- **DATA SECTION**:

---

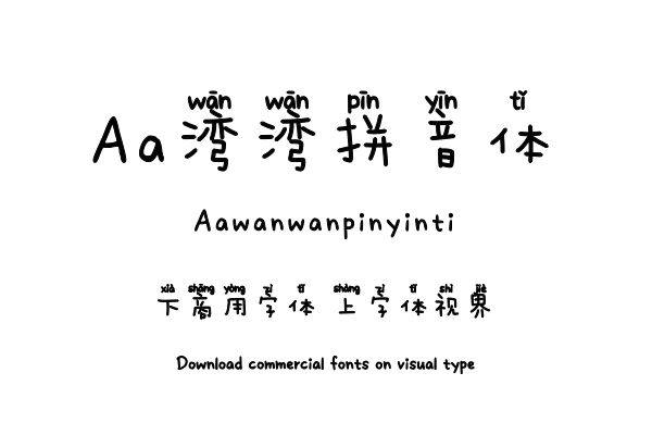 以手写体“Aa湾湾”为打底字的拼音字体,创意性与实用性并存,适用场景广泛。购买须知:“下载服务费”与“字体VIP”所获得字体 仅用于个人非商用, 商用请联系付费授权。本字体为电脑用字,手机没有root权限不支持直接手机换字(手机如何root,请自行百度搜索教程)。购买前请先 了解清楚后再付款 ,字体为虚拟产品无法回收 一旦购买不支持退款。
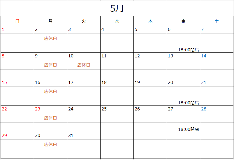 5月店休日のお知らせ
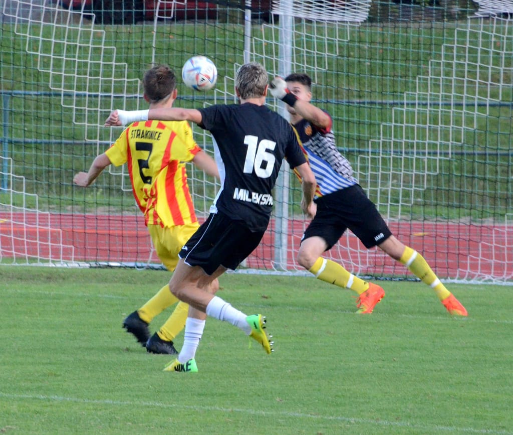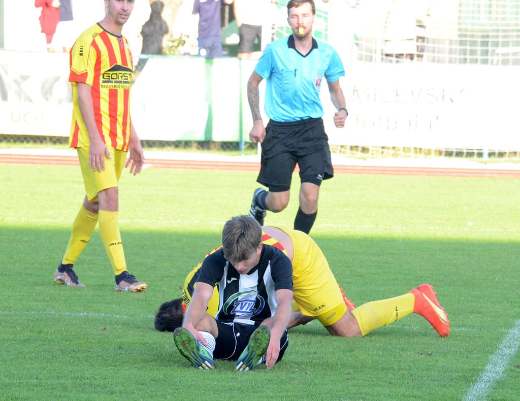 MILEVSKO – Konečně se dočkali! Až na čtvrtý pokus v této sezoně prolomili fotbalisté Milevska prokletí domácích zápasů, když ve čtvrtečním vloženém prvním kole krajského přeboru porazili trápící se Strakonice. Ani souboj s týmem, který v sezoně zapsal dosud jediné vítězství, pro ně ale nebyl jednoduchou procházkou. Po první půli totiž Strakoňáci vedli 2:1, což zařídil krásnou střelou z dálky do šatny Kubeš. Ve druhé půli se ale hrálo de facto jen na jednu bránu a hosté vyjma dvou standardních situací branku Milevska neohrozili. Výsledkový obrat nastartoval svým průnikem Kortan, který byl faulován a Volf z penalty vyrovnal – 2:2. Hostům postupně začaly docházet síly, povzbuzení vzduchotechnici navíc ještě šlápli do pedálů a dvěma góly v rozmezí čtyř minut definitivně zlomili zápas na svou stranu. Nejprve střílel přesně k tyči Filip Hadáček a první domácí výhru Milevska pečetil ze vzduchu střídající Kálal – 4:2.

---

- **WORK INSTRUCTIONS**:
All of the material above needs to be restated exactly, with no pictures.

- **ANSWER BOX**:
 以手写体“Aa湾湾”为打底字的拼音字体,创意性与实用性并存,适用场景广泛。购买须知:“下载服务费”与“字体VIP”所获得字体 仅用于个人非商用, 商用请联系付费授权。本字体为电脑用字,手机没有root权限不支持直接手机换字(手机如何root,请自行百度搜索教程)。购买前请先 了解清楚后再付款 ,字体为虚拟产品无法回收 一旦购买不支持退款。
 5月店休日のお知らせ
 MILEVSKO – Konečně se dočkali! Až na čtvrtý pokus v této sezoně prolomili fotbalisté Milevska prokletí domácích zápasů, když ve čtvrtečním vloženém prvním kole krajského přeboru porazili trápící se Strakonice. Ani souboj s týmem, který v sezoně zapsal dosud jediné vítězství, pro ně ale nebyl jednoduchou procházkou. Po první půli totiž Strakoňáci vedli 2:1, což zařídil krásnou střelou z dálky do šatny Kubeš. Ve druhé půli se ale hrálo de facto jen na jednu bránu a hosté vyjma dvou standardních situací branku Milevska neohrozili. Výsledkový obrat nastartoval svým průnikem Kortan, který byl faulován a Volf z penalty vyrovnal – 2:2. Hostům postupně začaly docházet síly, povzbuzení vzduchotechnici navíc ještě šlápli do pedálů a dvěma góly v rozmezí čtyř minut definitivně zlomili zápas na svou stranu. Nejprve střílel přesně k tyči Filip Hadáček a první domácí výhru Milevska pečetil ze vzduchu střídající Kálal – 4:2.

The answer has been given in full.